諸兄ご承知の通り、パンダというのは白黒の2トンカラーが「愛くるしい」動物であり、主食は笹の葉であるという。さはさりながら漢字で「大熊猫」と書くし、その体格や特徴は、「愛くるしい」模様を除けばまず熊だろう。
 熊と言えばディズニー映画「クマのプーさん」や「小熊のミーシャ」のイメージではこれまた愛くるしいかも知れないが・・・実物の熊は立派な大型肉食獣(正確には雑食獣か)であり、人間を襲うことも珍しくはない。その強さ・恐ろしさ故に日本では「山の神」とも別称されると言うし、ネイティブアメリカン(昔で言うところのアメリカ・インディアン)に取っては知恵と力の神だという。
 いずれにせよ、本物の熊は、尊敬され、畏怖される存在だったのだろう。神とあがめられるほどに
 
 パンダが神として崇拝されたかどうか私は知らないが、結構な体格と体重である事は知っている。牙は兎も角、爪は相当に鋭いし「腕っ節」も相当なものだろう。笹が主食なら草食動物宇と言って良いのかも知れないが、草食動物でも自らの領域を護るためには相当に凶暴にもなる。
 
 早い話、私なら徒手空拳でパンダの檻なんかに入りたくない。
 また、普通動物園の方も、そんなところに人が入れないようにしている・・・筈だ。

 報じられているのは北京動物園の檻の中に入り、人が噛まれたというニュース。「子供のおもちゃを御拾おうとした」と言うのだから、開園時間中に堂々とパンダの檻だか柵だかの中に客が入っていったのだ。さらには同じ報道では、以前にも「囲いの中に飛び込んだ15歳の少年」「酔っぱらった男性客が愛くるしいグーグーを抱きしめようと囲いの中へ飛び込み」それぞれ同じパンダに噛まれているという。
 
 つまりパンダの「囲い」への人間進入はこれで少なくとも3度目で、噛まれず無事逃げ帰った者が多数いる可能性を、この報道は示唆している。
 
 このような状態は、肉食動物ならぬ草食動物にとっても、相当な身の危険を感じる状態では無かろうか。
 ましてや上記の酔っぱらいは、あろう事かパンダに抱きつこうとした。人間の女性でも平手の一つも喰らわす処だろう。

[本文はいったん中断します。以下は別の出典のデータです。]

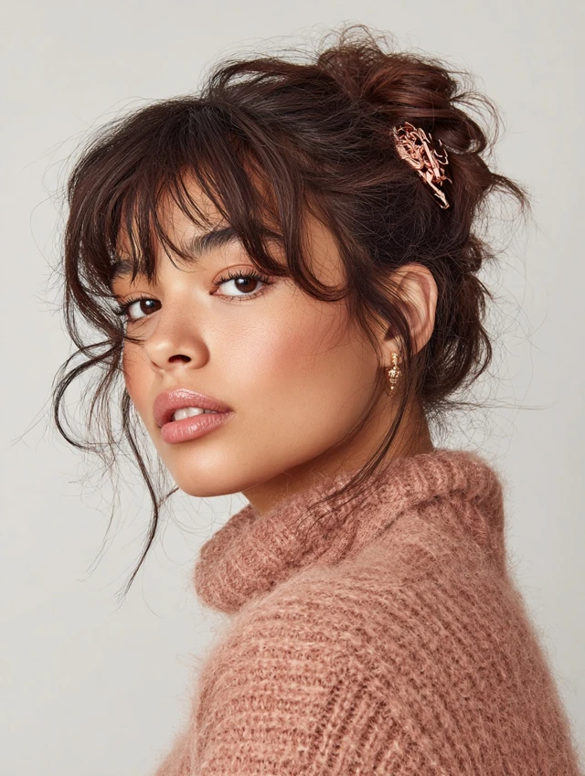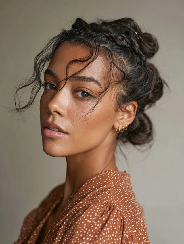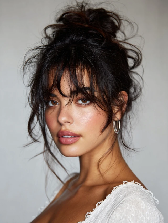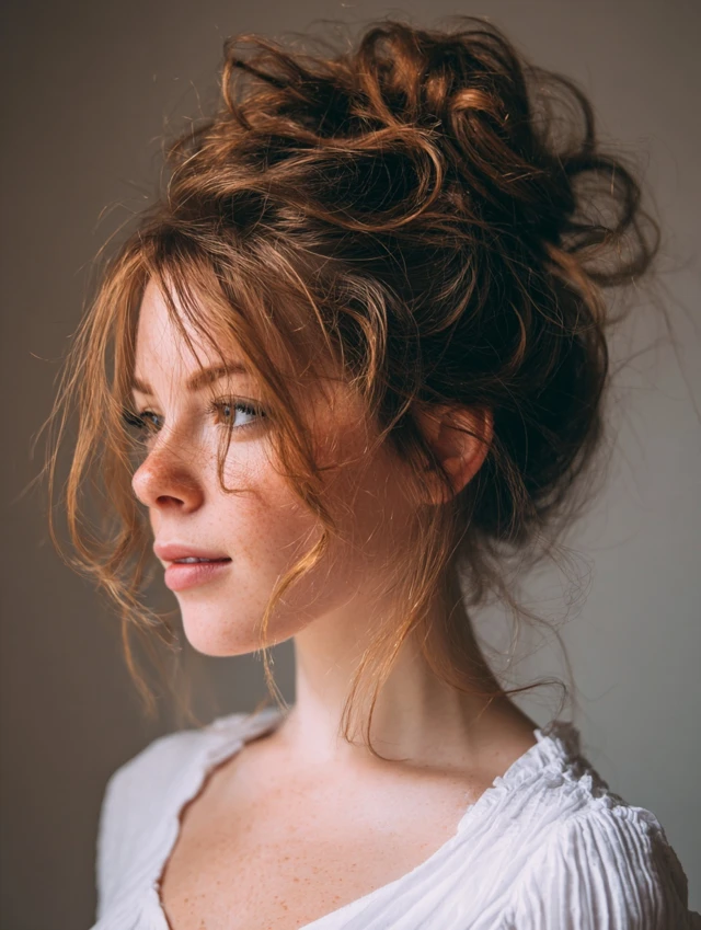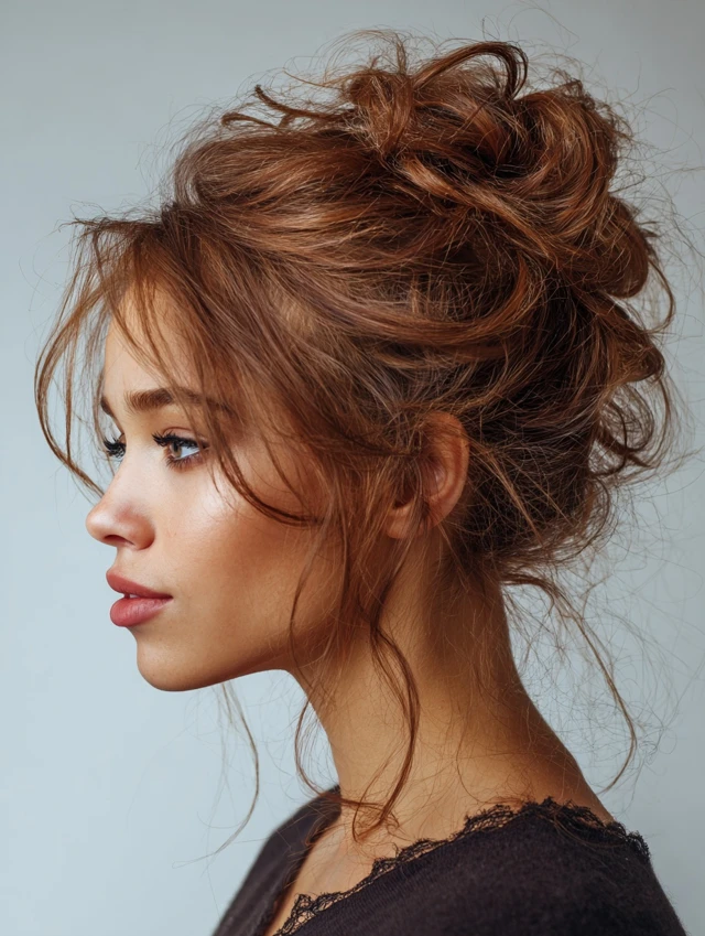2. Messy Bun with Soft Tendrils
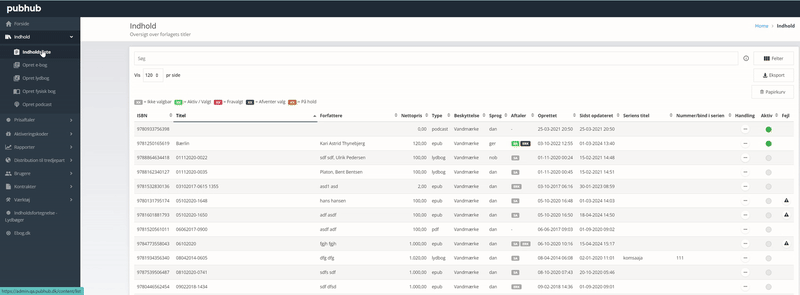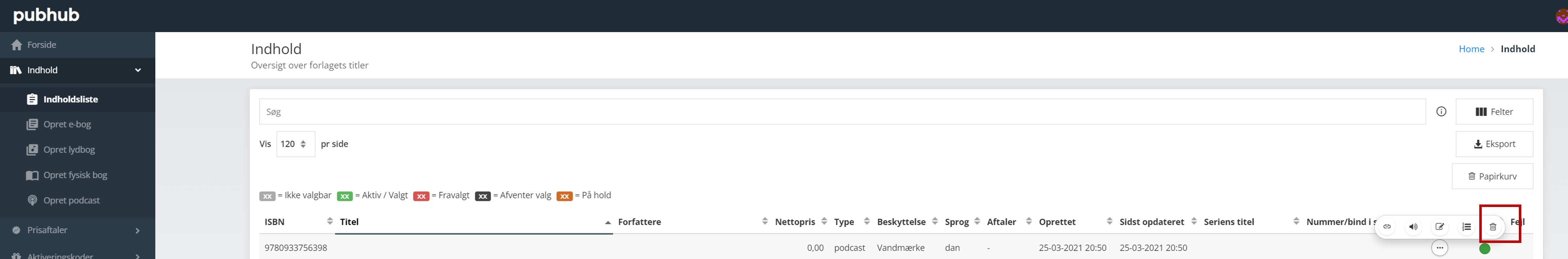 - I Pubhub, søg titlen frem under “Indholdslisten”. Klik på de tre prikker under menupunktet “Handling” og klik på ikonet skraldespand “Slet”. Herefter ryger titlen i skraldespanden og vil ikke længere være tilgængelig for salg og/eller udlån. Der sendes en takedown til de salgskanaler, der måtte have haft den og den fjernes fra din indholdsliste. Titlen kan gøres aktiv igen (hvis man f.eks. er kommet til at slette en forkert titel). Her søges den nu frem via “Papirkurv” og flyttes tilbage til indholdslisten igen.

 以上から、この報道の意味するところをまとめると、以下の通り。
(1) 北京動物園のパンダの侵入警備は極めて緩い。パンダを盗み出すとしたら、絶好の穴場だろう。
(2) 北京動物園の観客のマナーも、スタッフのモラルも、相当に低い。中国人なら仕方ないか。
(3) 侵入者に3回とも噛み付いたのは同じ「古古(グーグー、Gu Gu)」だと言う。彼は(余程腹を減らして人間を喰おうと一念奮起したので無ければ)自らの領域を護る意識の強い「防衛意識の高い」個体であると考えられる。ひょっとすると、群のボスのつもりなのかも知れない。

 古古を「凶暴パンダ」と報じるAFP通信は、正に濡れ衣を着せているのでは無かろうか。